:: Records for this exercise ::

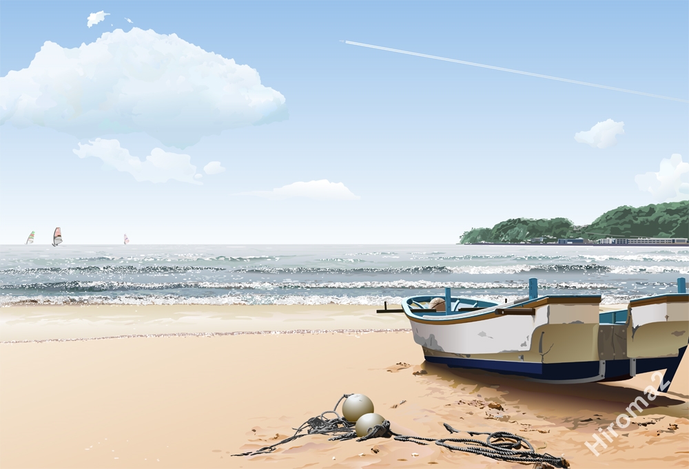 鎌倉駅から歩いて15分程度で材木座海岸に到着。砂浜に古びた漁船が・。波の音が心地よいです。
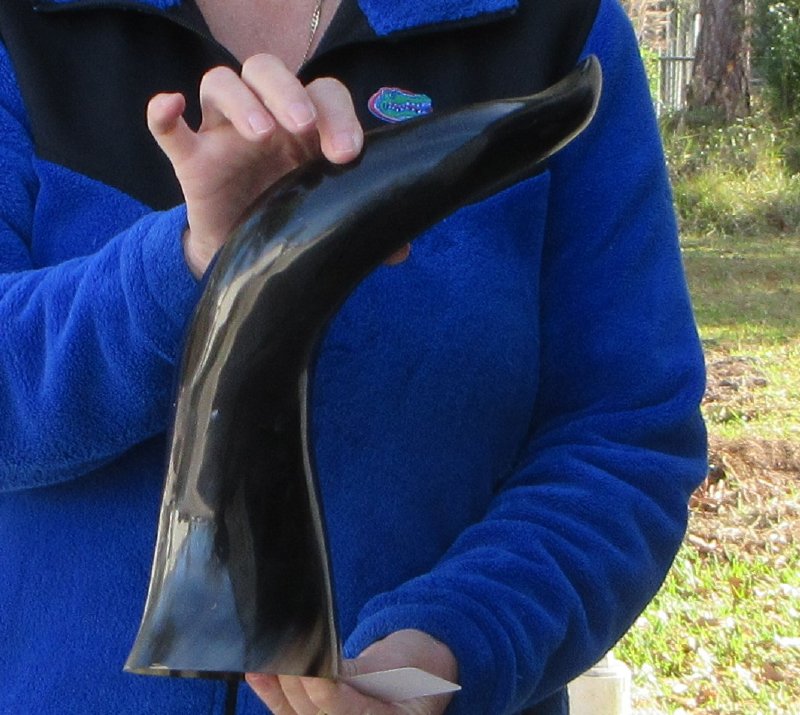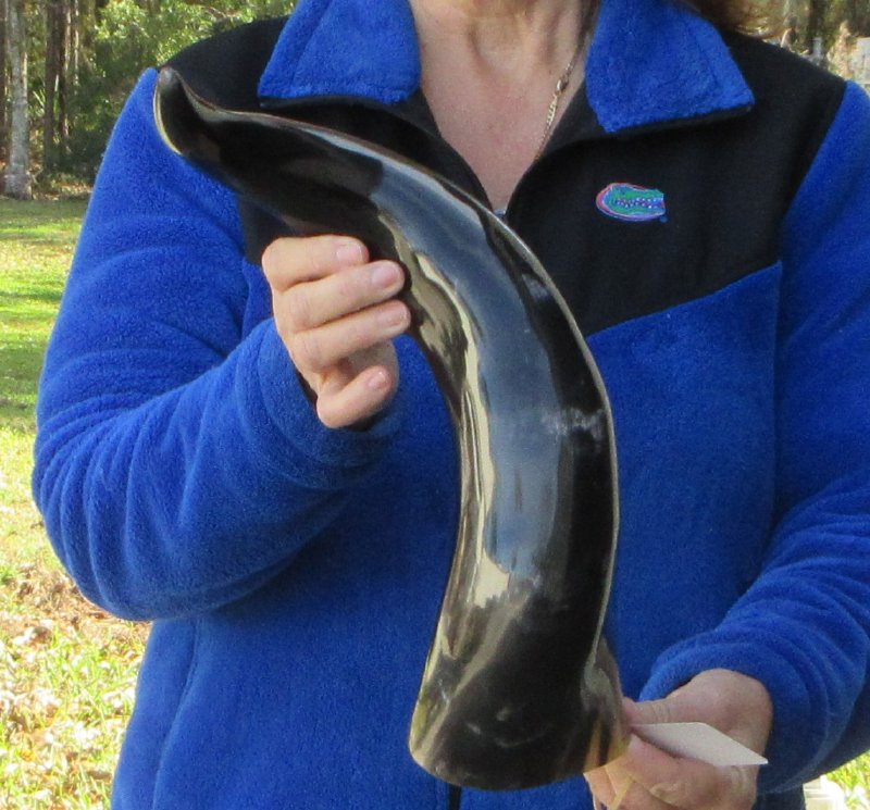 Polished Buffalo Horn with a Wide Base (Bubalus bubalis) for sale from an Indian Water Buffalo, measuring approximately 21 inches, measured around the curve of the horn using a cloth tape measure. The opening at the base of the horn is wide.  This horn may have some small, minor unfinished/rough areas. This horn does not stand unsupported. Our buffalo horns may have natural imperfections such as bubbles, indentations/divots, tiny pimples and surface cracks and scrapes. Review all photos.  Buffalo horns vary in coloring, size and shape and are used for making animal horn jewelry, in cabin decor, rustic decor, as knife handle material and for cane handles, for carving, in the art of scrimshaw and in making inlaid instruments. These may have a tag on them this is a requirement of the U.S Customs Department. All products imported into the U.S must have a Country of Origin tag.
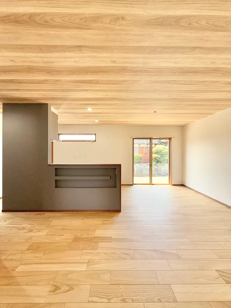 木目調のインテリアで優しい雰囲気のインテリア。すべての部屋に直接アプローチできる間取り
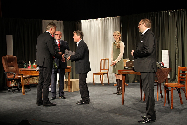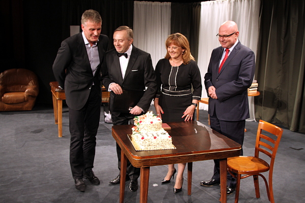 Pierwszy dzień XVIII Jesiennego Festiwalu Teatralnego zakończył się miłym akcentem dla Tomasza Mędrzaka, który świętował 40-lecie pracy artystycznej. Statuetkę w dowód uznania za twórczą pasję podczas dotychczasowej pracy aktorskiej z życzeniami pomyślności i sukcesów przekazał prezydent Ryszard Nowak i Józef Kantor. Album autochromów pt. "Małopolska" wręczyła Marta Mordarska, radna wojewódzka. Natomiast z rąk Marty Jakubowskiej, dyrektora Miejskiego Ośrodka Kultury oraz Janusza Michalika, dyrektora artystycznego festiwalu, Tomasz Mędrzak odebrał bukiet kwiatów wraz z życzeniami. Publiczność nagrodziła artystę gorącą owacją!
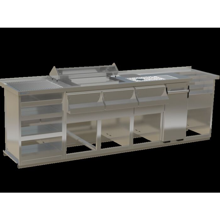 Cocktailstation: Arbeitsplatte mit zwei Tropfmulden und Prismen-Lochplatten, Schneidbrett und Gläserdruckspüler, zwei untergesetzte isolierte Wannen mit Schiebedeckeln, Lochblechen und Trennwänden, zwei Becken mit gelochten Einsätzen, zwei Aufsatzboards für 4 x GN 1/9
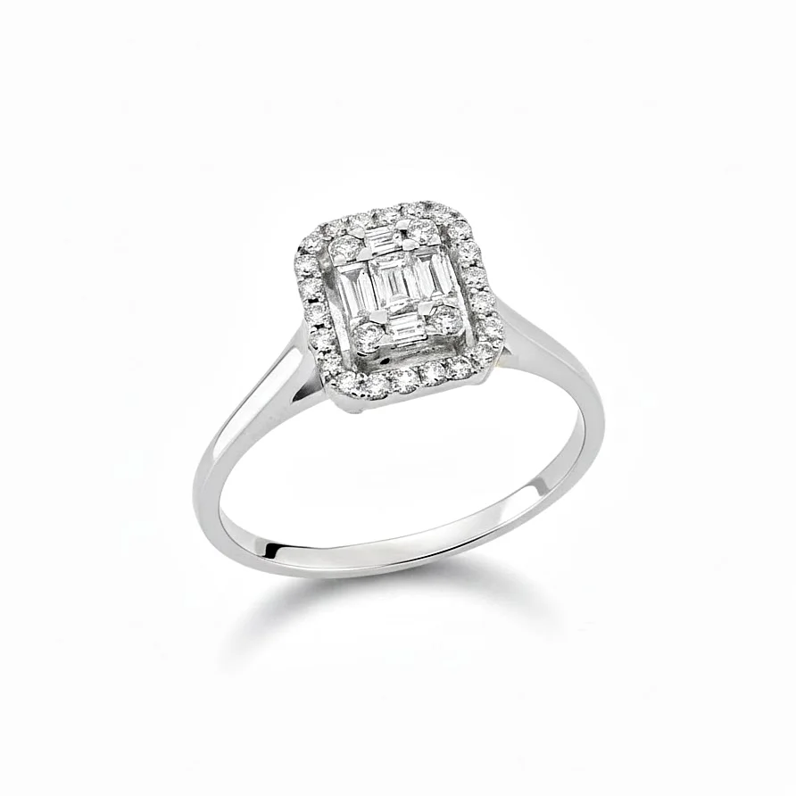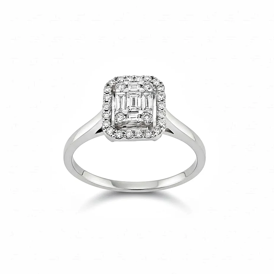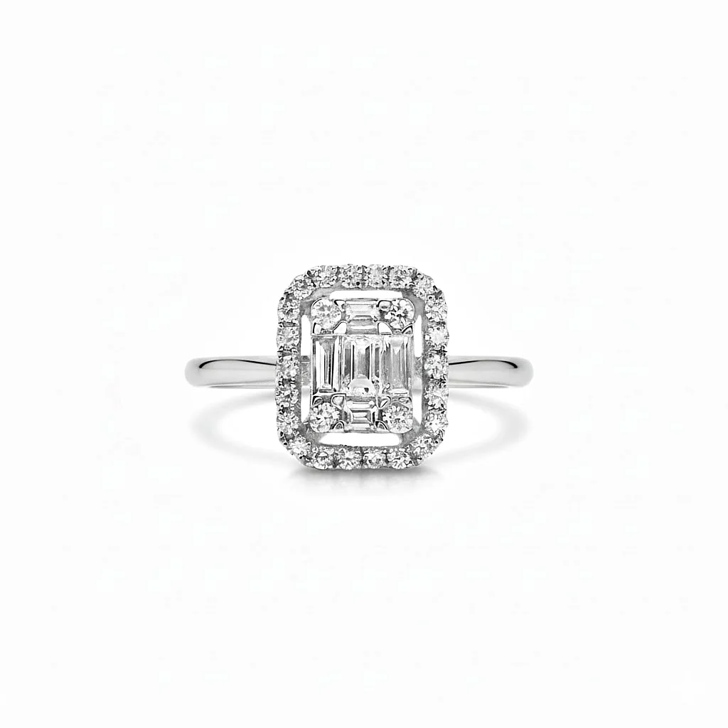 Αυτό το δαχτυλίδι αποτελεί μια εντυπωσιακή δήλωση κομψότητας με επιρροές από την περίοδο Art Deco. Κατασκευασμένο από λευκόχρυσο 18 καρατίων, διαθέτει μια κεντρική σύνθεση από διαμάντια κοπής Baguette και στρογγυλά διαμάντια, δημιουργώντας την αίσθηση ενός μεγάλου, ορθογώνιου διαμαντιού. Η κεντρική διάταξη πλαισιώνεται από ένα λαμπερό Halo από στρογγυλά διαμάντια. Η κοπή Baguette είναι λιγότερο συνηθισμένη και προσδίδει έναν αέρα vintage πολυτέλειας. Ο λευκός χρυσός 18K εξασφαλίζει αντοχή και ένα κομψό, λείο φινίρισμα. Ένα εντυπωσιακό δαχτυλίδι για αρραβώνα ή επέτειο, που ξεχωρίζει.

:::

The whole listing must be restated word for word. Leave out any pictures.

Output for this task:
 鎌倉駅から歩いて15分程度で材木座海岸に到着。砂浜に古びた漁船が・。波の音が心地よいです。
 Polished Buffalo Horn with a Wide Base (Bubalus bubalis) for sale from an Indian Water Buffalo, measuring approximately 21 inches, measured around the curve of the horn using a cloth tape measure. The opening at the base of the horn is wide.  This horn may have some small, minor unfinished/rough areas. This horn does not stand unsupported. Our buffalo horns may have natural imperfections such as bubbles, indentations/divots, tiny pimples and surface cracks and scrapes. Review all photos.  Buffalo horns vary in coloring, size and shape and are used for making animal horn jewelry, in cabin decor, rustic decor, as knife handle material and for cane handles, for carving, in the art of scrimshaw and in making inlaid instruments. These may have a tag on them this is a requirement of the U.S Customs Department. All products imported into the U.S must have a Country of Origin tag.
 木目調のインテリアで優しい雰囲気のインテリア。すべての部屋に直接アプローチできる間取り
 Pierwszy dzień XVIII Jesiennego Festiwalu Teatralnego zakończył się miłym akcentem dla Tomasza Mędrzaka, który świętował 40-lecie pracy artystycznej. Statuetkę w dowód uznania za twórczą pasję podczas dotychczasowej pracy aktorskiej z życzeniami pomyślności i sukcesów przekazał prezydent Ryszard Nowak i Józef Kantor. Album autochromów pt. "Małopolska" wręczyła Marta Mordarska, radna wojewódzka. Natomiast z rąk Marty Jakubowskiej, dyrektora Miejskiego Ośrodka Kultury oraz Janusza Michalika, dyrektora artystycznego festiwalu, Tomasz Mędrzak odebrał bukiet kwiatów wraz z życzeniami. Publiczność nagrodziła artystę gorącą owacją!
 Cocktailstation: Arbeitsplatte mit zwei Tropfmulden und Prismen-Lochplatten, Schneidbrett und Gläserdruckspüler, zwei untergesetzte isolierte Wannen mit Schiebedeckeln, Lochblechen und Trennwänden, zwei Becken mit gelochten Einsätzen, zwei Aufsatzboards für 4 x GN 1/9
 Αυτό το δαχτυλίδι αποτελεί μια εντυπωσιακή δήλωση κομψότητας με επιρροές από την περίοδο Art Deco. Κατασκευασμένο από λευκόχρυσο 18 καρατίων, διαθέτει μια κεντρική σύνθεση από διαμάντια κοπής Baguette και στρογγυλά διαμάντια, δημιουργώντας την αίσθηση ενός μεγάλου, ορθογώνιου διαμαντιού. Η κεντρική διάταξη πλαισιώνεται από ένα λαμπερό Halo από στρογγυλά διαμάντια. Η κοπή Baguette είναι λιγότερο συνηθισμένη και προσδίδει έναν αέρα vintage πολυτέλειας. Ο λευκός χρυσός 18K εξασφαλίζει αντοχή και ένα κομψό, λείο φινίρισμα. Ένα εντυπωσιακό δαχτυλίδι για αρραβώνα ή επέτειο, που ξεχωρίζει.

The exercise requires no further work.